**ASSIGNMENT**
The records below are to be copied exactly, with every picture left out.

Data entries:
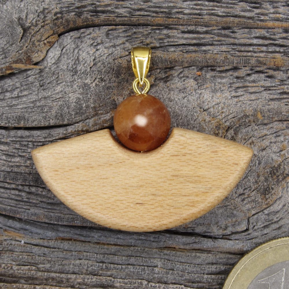 Kettenanhänger aus Ahornholz. Im Zentrum des Kreises liegt eingebettet eine Steinperle aus Sonnenstein. Das fächerförmige Design ist angelehnt an die Zeit des Art Deco der 1920er Jahre und ist doch zeitlos elegant.
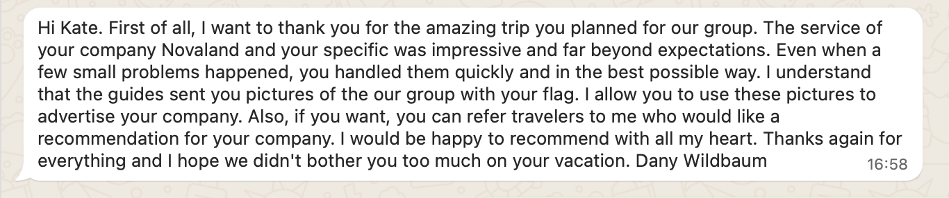 Novaland Tours is an amazing tour agency. This agency is great regarding professionalism, planning, price, trustworthy, best options, great administrators personnel, and the tour guides are the simply best.
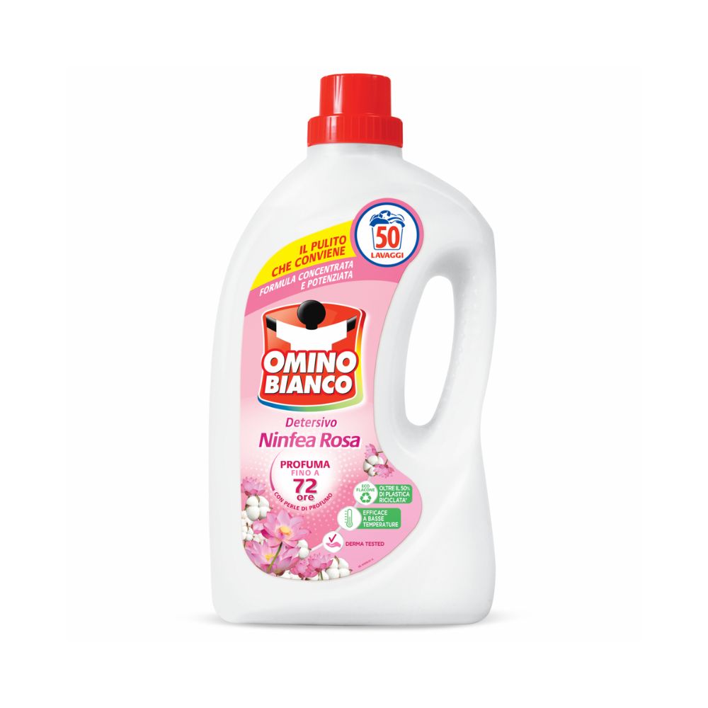 Препарат за пране Omino Bianco Ninfea ROSA е течен препарат за пералня с нова концентрирана формула, обогатен с ензими и аромат от розова водна лилия.
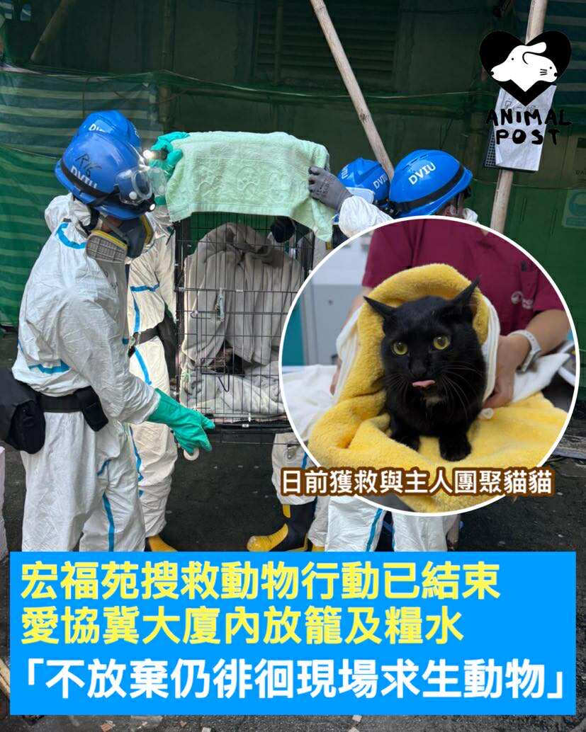 【動物專訊】大埔宏福苑大火災難,百多人和百多隻動物不幸離世,仍有約80多隻動物下落不明,愛護動物協會表示,災難遇難者身份鑑定組(DVIU)的搜救動物行動已於昨日結束,愛協提出多項建議,包括在大廈內設置捕貓籠、水及糧食,不放棄任何可能仍在附近徘徊求生的動物,當接獲官方通知在災場發現生還或離世動物,愛協會第一時間趕赴現場協助。另由動物義工於廣福邨設置的紀念區,亦於今日結束,義工盼大家帶重新振作的心和力量,好好用力愛身邊每一位,好好生活。
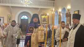 Вечером 18 августа 2025 года, в канун праздника Преображения Господа Бога и Спаса нашего Иисуса Христа, Преосвященный Диодор епископ Мелекесский и Чердаклинский совершил всенощное бдение в Спасо-Преображенском кафедральном соборе г. Димитровграда.
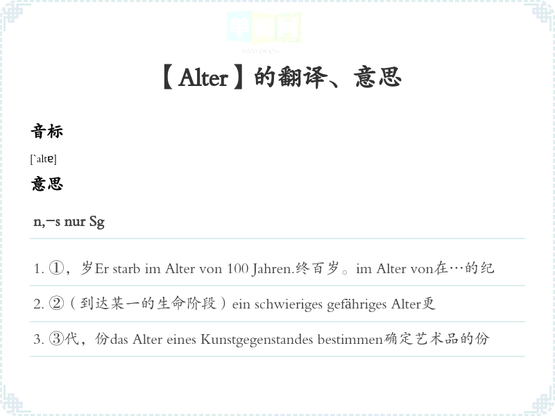 ⑥(集合名词)老人↔Jugendein biblisches Alter高寿ein Mann in beste Alter精壮Alter schützt vor Torheit nicht.人老非圣贤,孰能无过。 www.godic.net 版 权 所 有
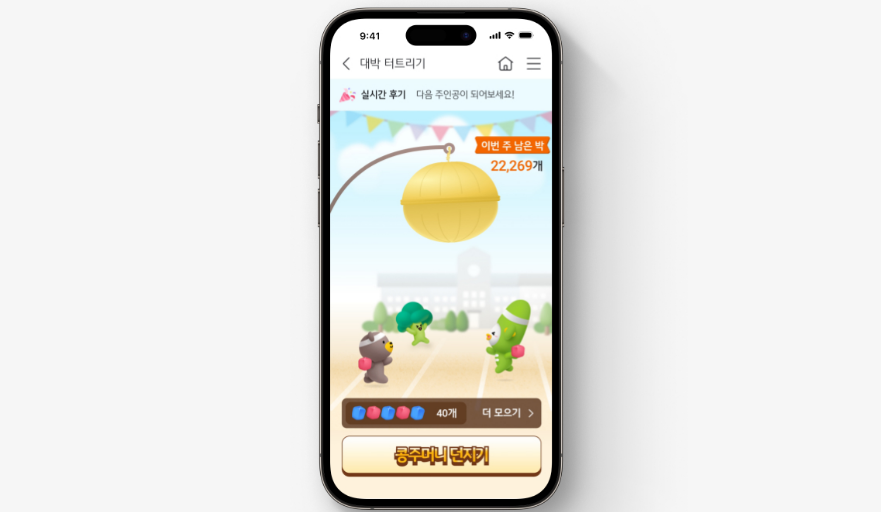 콩주머니를 모아 박을 터트리면 현금 또는 스타포인트를 받을 수 있어요!
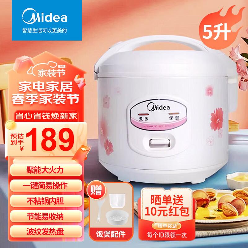 美的(Midea)电饭煲家用电饭锅多功能柴火饭机械式智能煮饭3L4L5L 美的YJ508J【2-10人用】 5L价格:189.00元!
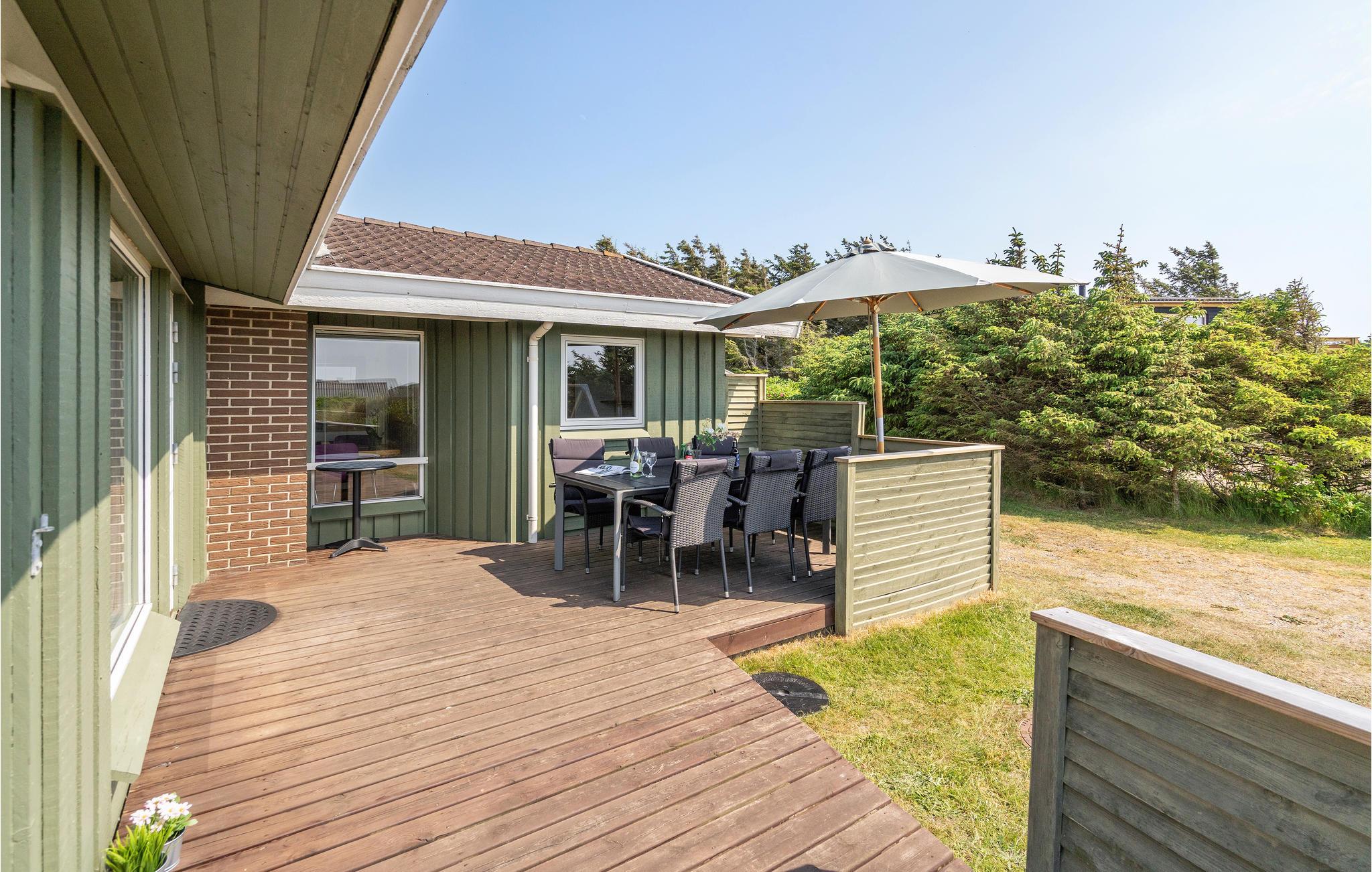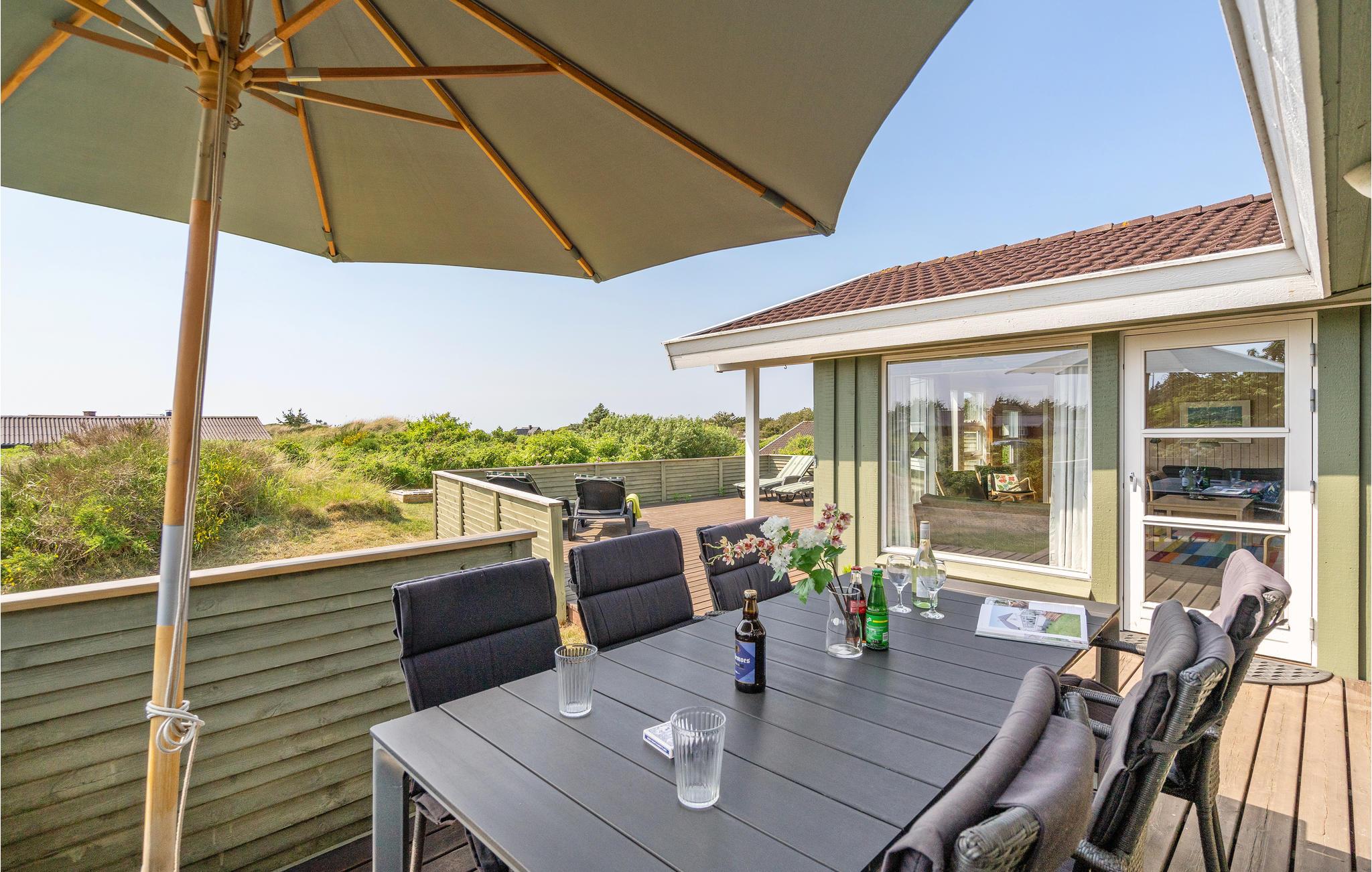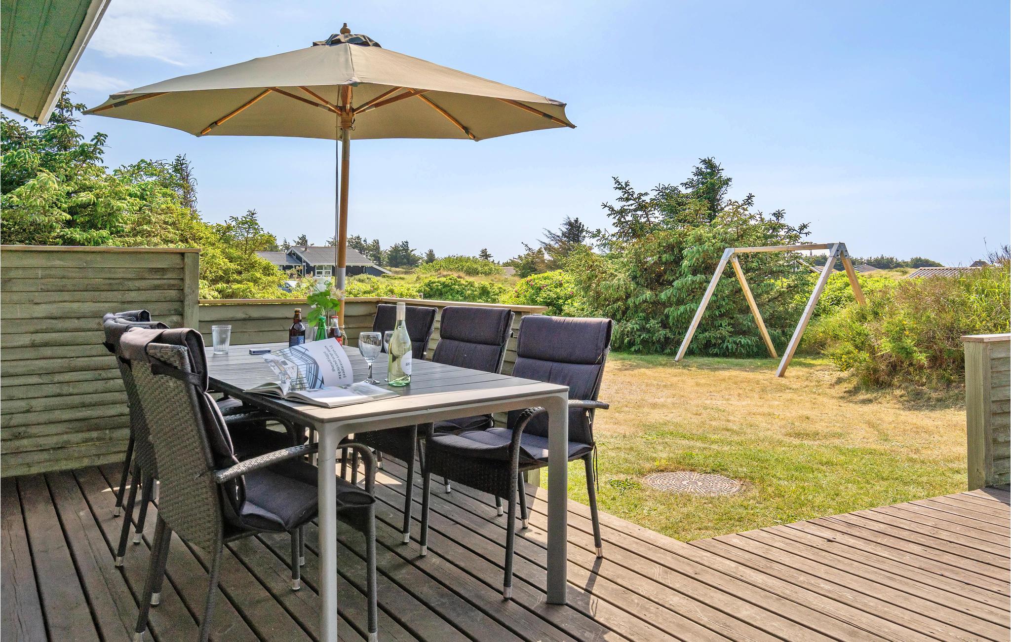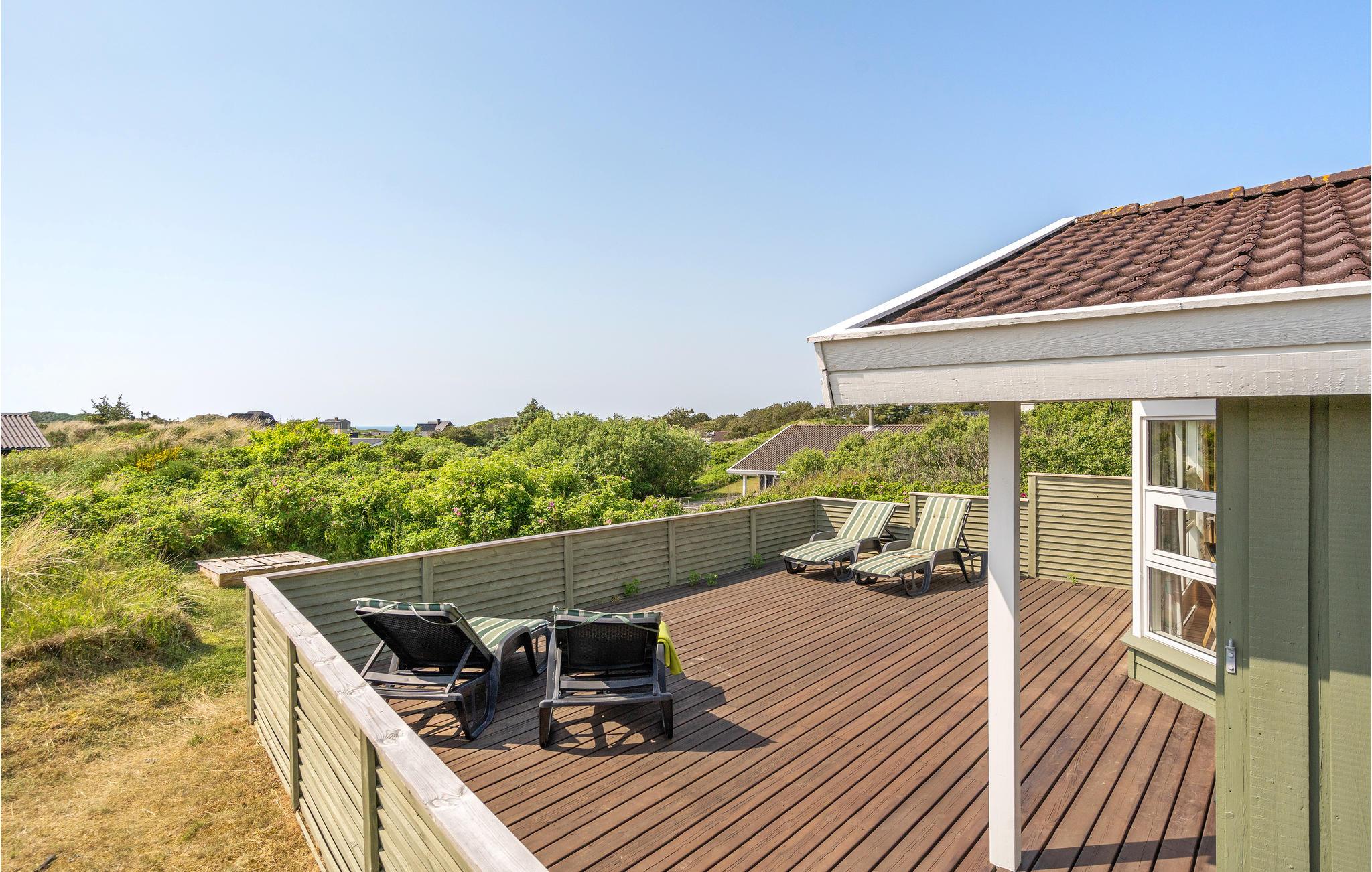I et roligt og naturskønt område få minutters gang fra Vesterhavet ligger dette velindrettede og moderne feriehus. Det er omgivet af flotte og funktionelle træterrasser med gode muligheder for at finde læ og nyde solen på de dejlige sommerdage. Huset er nydeligt indrettet med store vinduespartier, således at der fra stuen er en udmærket udsigt til havet. I stuen er der i øvrigt flotte trægulve. Et skønt og rigt udstyret feriehus med plads til to familier.

**SOLUTION TO THIS TASK**
 Kettenanhänger aus Ahornholz. Im Zentrum des Kreises liegt eingebettet eine Steinperle aus Sonnenstein. Das fächerförmige Design ist angelehnt an die Zeit des Art Deco der 1920er Jahre und ist doch zeitlos elegant.
 Novaland Tours is an amazing tour agency. This agency is great regarding professionalism, planning, price, trustworthy, best options, great administrators personnel, and the tour guides are the simply best.
 Препарат за пране Omino Bianco Ninfea ROSA е течен препарат за пералня с нова концентрирана формула, обогатен с ензими и аромат от розова водна лилия.
 【動物專訊】大埔宏福苑大火災難,百多人和百多隻動物不幸離世,仍有約80多隻動物下落不明,愛護動物協會表示,災難遇難者身份鑑定組(DVIU)的搜救動物行動已於昨日結束,愛協提出多項建議,包括在大廈內設置捕貓籠、水及糧食,不放棄任何可能仍在附近徘徊求生的動物,當接獲官方通知在災場發現生還或離世動物,愛協會第一時間趕赴現場協助。另由動物義工於廣福邨設置的紀念區,亦於今日結束,義工盼大家帶重新振作的心和力量,好好用力愛身邊每一位,好好生活。
 Вечером 18 августа 2025 года, в канун праздника Преображения Господа Бога и Спаса нашего Иисуса Христа, Преосвященный Диодор епископ Мелекесский и Чердаклинский совершил всенощное бдение в Спасо-Преображенском кафедральном соборе г. Димитровграда.
 ⑥(集合名词)老人↔Jugendein biblisches Alter高寿ein Mann in beste Alter精壮Alter schützt vor Torheit nicht.人老非圣贤,孰能无过。 www.godic.net 版 权 所 有
 콩주머니를 모아 박을 터트리면 현금 또는 스타포인트를 받을 수 있어요!
 美的(Midea)电饭煲家用电饭锅多功能柴火饭机械式智能煮饭3L4L5L 美的YJ508J【2-10人用】 5L价格:189.00元!
I et roligt og naturskønt område få minutters gang fra Vesterhavet ligger dette velindrettede og moderne feriehus. Det er omgivet af flotte og funktionelle træterrasser med gode muligheder for at finde læ og nyde solen på de dejlige sommerdage. Huset er nydeligt indrettet med store vinduespartier, således at der fra stuen er en udmærket udsigt til havet. I stuen er der i øvrigt flotte trægulve. Et skønt og rigt udstyret feriehus med plads til to familier.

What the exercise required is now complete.